The anniversary of Hurricane Katrina, the withdrawal from Iraq, Mideast peace talks, and a shaky economy two months before mid-term elections: President Barack Obama's returns from vacation to a full plate of problems.
After ten days in Martha's Vineyard, playing golf and Scrabble and relaxing with his family, Obama steps back on the fast track Sunday, flying straight to New Orleans without even a stopover in Washington.
Eighty percent submerged when Hurricane Katrina struck five years ago, the city still has not come back from the deluge that overwhelmed its dikes and left more than 1,500 people dead.
"It's recovering, but there's some more work to do," said White House spokesman Bill Burton of the city, whose population is only 80 percent what it was before the Category 5 storm.
During his visit to mark the anniversary, Obama "will commemorate the lives lost and the shared sacrifice that the Gulf Coast experienced because of Katrina," the White House said.
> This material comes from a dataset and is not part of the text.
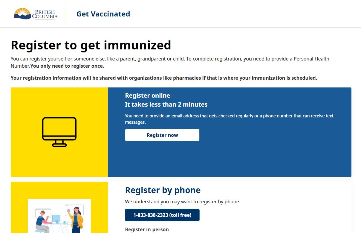 BC州の予防接種予約は、「Get Vaccinated」システムによって一元管理されています。登録を済ませておくと、接種時期が来た際に自動的に通知が届き、自宅近くのクリニックや薬局から簡単に予約を入れることができます。
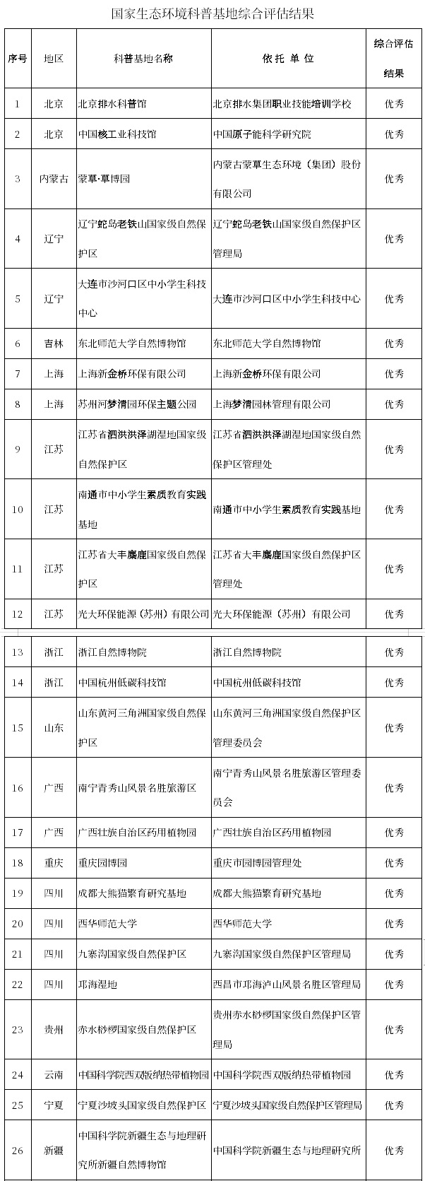 關(guān)于通報(bào)國家生態(tài)環(huán)境科普基地綜合評(píng)估結(jié)果的函 各省、自治區(qū)、直轄市生態(tài)環(huán)境廳(局)、科技廳(委、局),新疆生產(chǎn)建設(shè)兵團(tuán)生態(tài)環(huán)境局、科技局,各國家生態(tài)環(huán)境科普基地: 根據(jù)《國家生態(tài)環(huán)境科普基地管理辦法》(環(huán)科財(cái)函〔2019〕74號(hào),以下簡稱《管理辦法》)和《關(guān)于開展國家生態(tài)環(huán)境科普基地綜合評(píng)估工作的通...

The president also will pledge to "recommit the nation" to a region that more recently has struggled with the worst accidental oil spill in the history of the oil industry.
After New Orleans, Obama will turn to another legacy of his predecessor George W. Bush: Iraq.
After meeting with US troops at an army base in Texas, Obama will speak from the Oval Office Tuesday night to highlight the end of combat operations in Iraq, as promised.
Seven years after the US-led invasion, the number of US troops in the country has dropped below 50,000 for the first time.
But the United States is still tallying the costs of Iraq — 4,417 US dead and more than 700 billion dollars spent — and keeping its fingers crossed that it can pull out its remaining troops on schedule by the end of next year.
The White House has given assurances that the Iraqis are capable of assuming responsibility for their own security, a point Obama was expected to re-emphasize in his televised remarks to the nation.
But he risks being disproven by events: the country is regularly shaken by deadly attacks attributed to Al-Qaeda and Iraq's military chief has warned it would take nine more years before his forces are up to the job.
Without a doubt, though, the biggest challenge awaiting Obama comes Wednesday when he receives Israeli Prime Minister Benjamin Netanyahu and the president of the Palestinian Authority Mahmoud Abbas as they embark on direct negotiations for a Middle East peace.
The White House insists the talks, with their ambitious one-year timetable, can succeed. But the fact that it has taken 18 months just to get the deeply divided parties to the table, gives little ground for optimism.
Giving foreign policy such a high profile holds another risk for Obama: Americans might see him as uninterested in their problems at a time of high unemployment and new signs of weakness in the economy.
With Democratic majorities at stake in both houses of Congress in the November elections, the president's opponents have attacked what the Republican leader in the House, John Boehner, calls Obama's "job-killing agenda."
Aware of the vulnerability, the White House revealed that Obama had taken part Wednesday in a teleconference from Martha's Vineyard with this economic team. Burton also said the president would speak soon to Americans about the economy.